The show must go on: Even as COVID-19 inflicts a new, jolting reality on business operations worldwide, this has become the new charge for COOs and CIOs everywhere. In my conversations over the past few weeks with manufacturing clients, I have learned a lot about how businesses are coping with the sudden onset of change and how – as these new practices are followed, enhanced, and supported – they could end up accelerating enterprise modernisation in the long run.

Over and above the business continuity actions which most companies have already executed, such as enabling remote working and ensuring all the correct licences are in place, here are some things organisations should bear in mind:

Ensuring the safety of the onsite workforce

As initial quarantines are eased and lifted, companies need to decide how to safely and smartly re-integrate workers into the field who are not capable of working from home but can return to work. Just because people are allowed to leave their homes does not mean rigorous physical and educational measures are not still needed.
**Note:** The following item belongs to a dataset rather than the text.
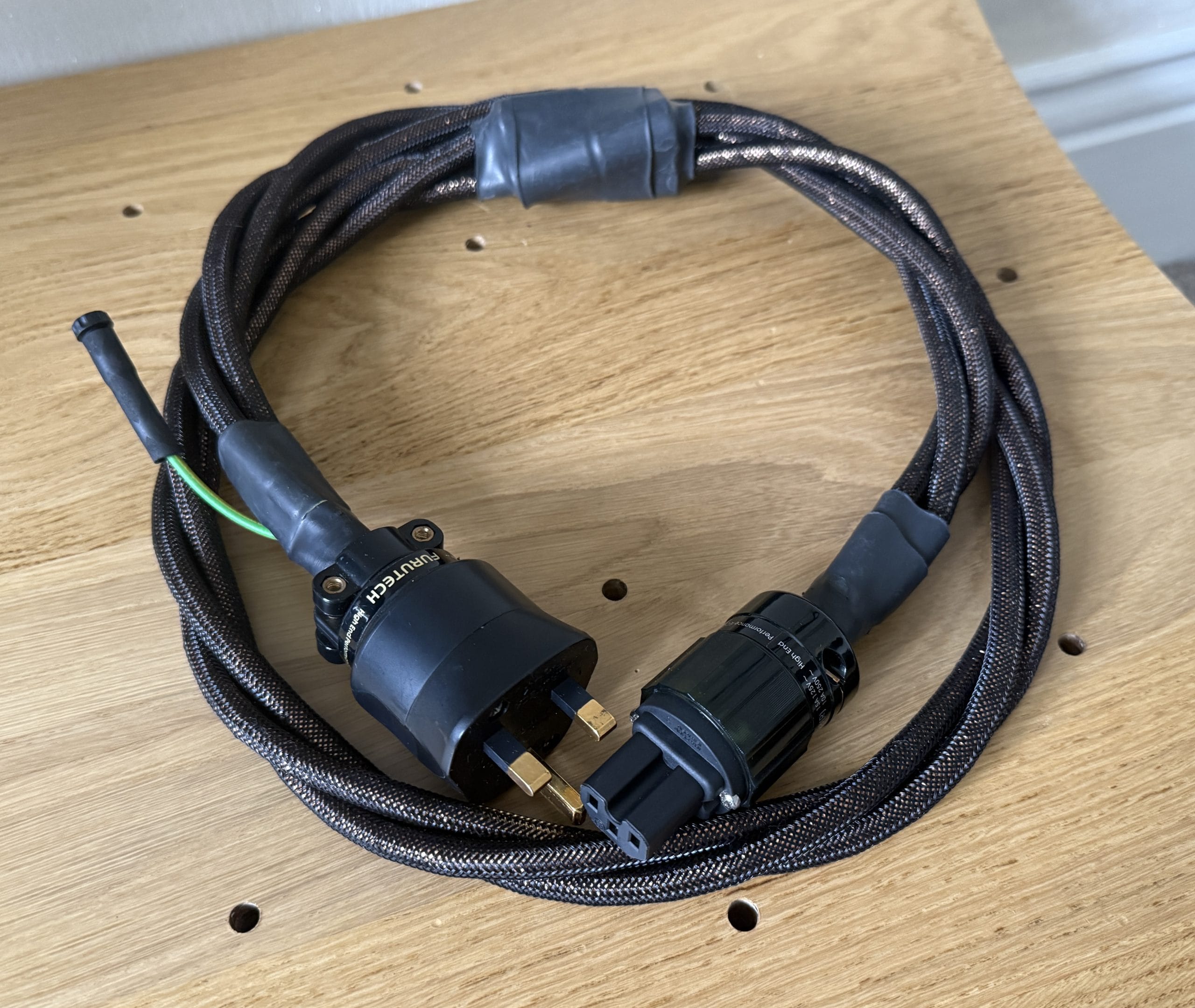 Terminated with a Furutech 1363 Gold UK plug and a Furutech FI-28 Rhodium IEC connectors (C15)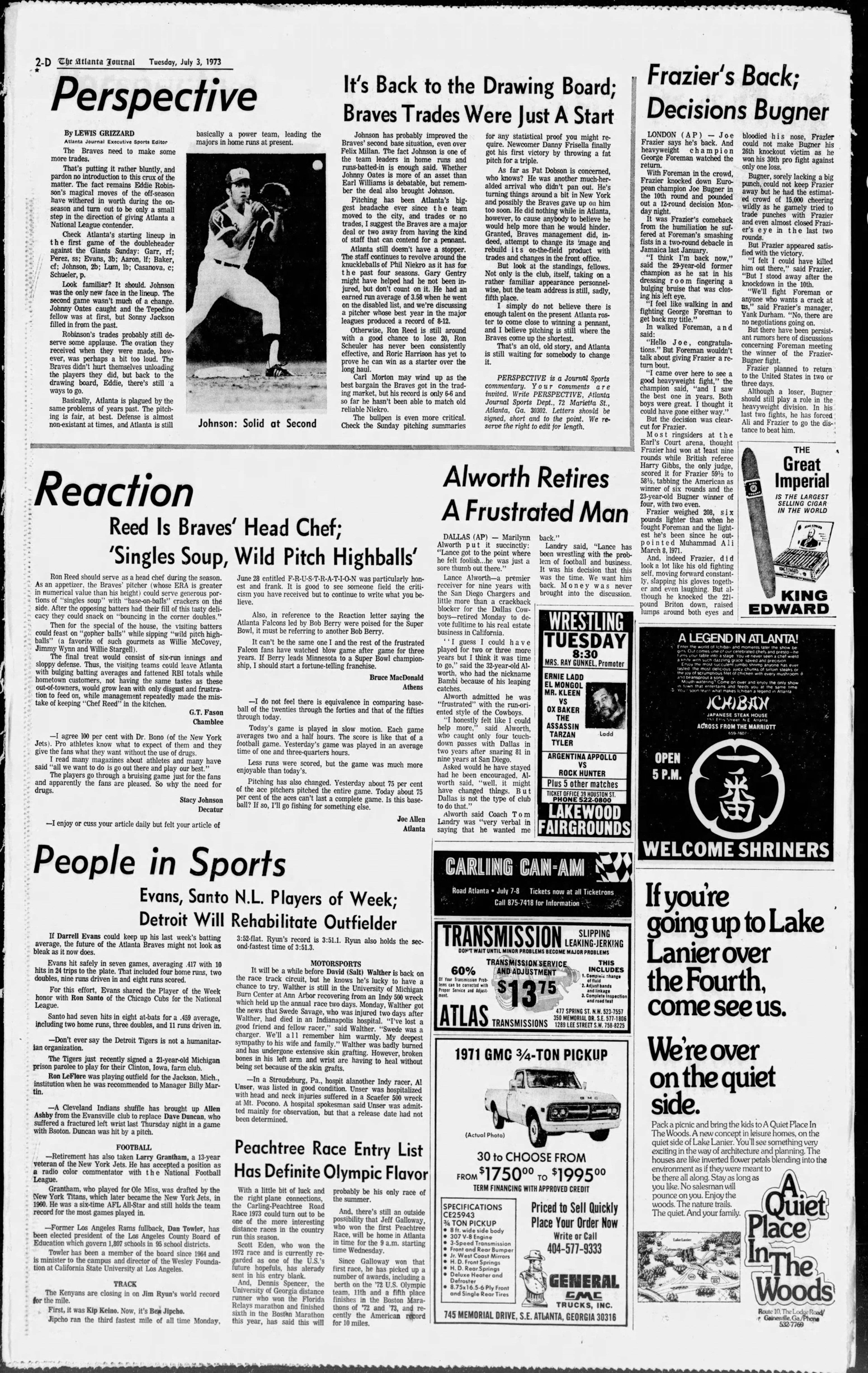 🍑 From the bottom of page 56 in The Atlanta Journal’s July 3, 1973, edition: “Peachtree race entry list has definite Olympic flavor.”

  • Safety protocols: New standard operating procedures must be agreed upon by leadership, such as a minimum distance standard, handshake policies, handwashing requirements, fever scans, and mandatory equipment requirements.
  • Communication and implementation: The logistics of safety implementation now come into play: Who will conduct fever scans, will safety equipment be provided, how will procedures be communicated to employees, and do companies need to document acknowledgment and agreement of the new procedures for legal purposes?
  • Mitigate risk and inefficiency: Once new operating procedures are in place it is wise to field-test re-entry to on-site operations in shifts. This mitigates the risk of negatively impacting a large part of the workforce and allows for realistic means of access. Just like bottlenecked traffic in rush hour due to lane closure, individually screening each worker for fever and safety compliance could keep the majority of workers waiting in line for hours just to begin work if all employees return at once.

Different approaches will work for different organisations; companies may decide to bring in one-quarter of workers one week at time, trade off every other day, or work in three-day stints.

What next: long-term impacts

Just as we have emerged from previous epidemics with positive outcomes, we also expect to see some positive long-term impacts from COVID-19, particularly in the form of business modernisation and the environment:

  • The ultimate test (and advancement) of cloud and IoT (Internet of Things) readiness: COVID-19 has made it painfully clear to enterprises which cloud capabilities they do and do not have. As companies see the value and necessity of the cloud (as well as the capability to move quickly when forced), they will begin fast-tracking initiatives that have been on hold or in unscaled pilots. Many will realise the value of not staffing a data centre and will accept that leading mega-platform providers deliver levels of security that are typically better than on-premises solutions.

Beyond cloud, we will also see advancements in how IoT and augmented/virtual reality better enable the non-remote workforce. Smart factories and offices will increase, allowing critical functions that currently need to be overseen in person to be monitored remotely or, at a minimum, by fewer people.

  • Reduced emissions. As businesses become more technologically intensive, the practice of working from home will become the norm. This will result in a sizable decrease in daily commuters. I expect to see studies estimating the volume of emissions avoided in major cities during the weeks of quarantine, and how that could extrapolate over time if (and likely, when) workers continue to work from home.
  • Innovation across the board. Changes in consumer behaviour lead to innovations, and the vast change in consumer behaviour brought on by COVID-19 – especially the need to reduce human contact – will undoubtedly lead to more automation and virtualisation. Virtual power plants will become more important than ever as millions begin working from home, spiking electricity usage during hours that would typically be considered “off-peak”. 5G, which is already forecast by GSMA to support 48 per cent of connections in the U.S. by 2025, will accelerate even faster to support the mobile workforce and better power IoT connections.

As 5G and IoT advance as one, the possibilities for edge computing will rise exponentially. According to an IDC FutureScape 2020 prediction, 70 per cent of enterprises will run varying levels of data processing at the IoT edge by 2023. In tandem, organisations will spend over $16 billion on IoT edge infrastructure in that time. While use cases vary, there will be instances, such as plant operations, where IoT devices on the factory floor will need to communicate with one another and be in a position to collect, analyse, and act on data acquired from a variety of other sources as well. Doing so will require the type of low-latency, high-reliability network that 5G delivers. This will not only improve industrial processes but will also give rise to industry-specific implementations such as in healthcare.

By taking the appropriate actions, enterprises and society at large will walk away from the coronavirus crisis stronger than before. Organisations can emerge more nimble, innovative, and better prepared to solve whatever life throws our way tomorrow.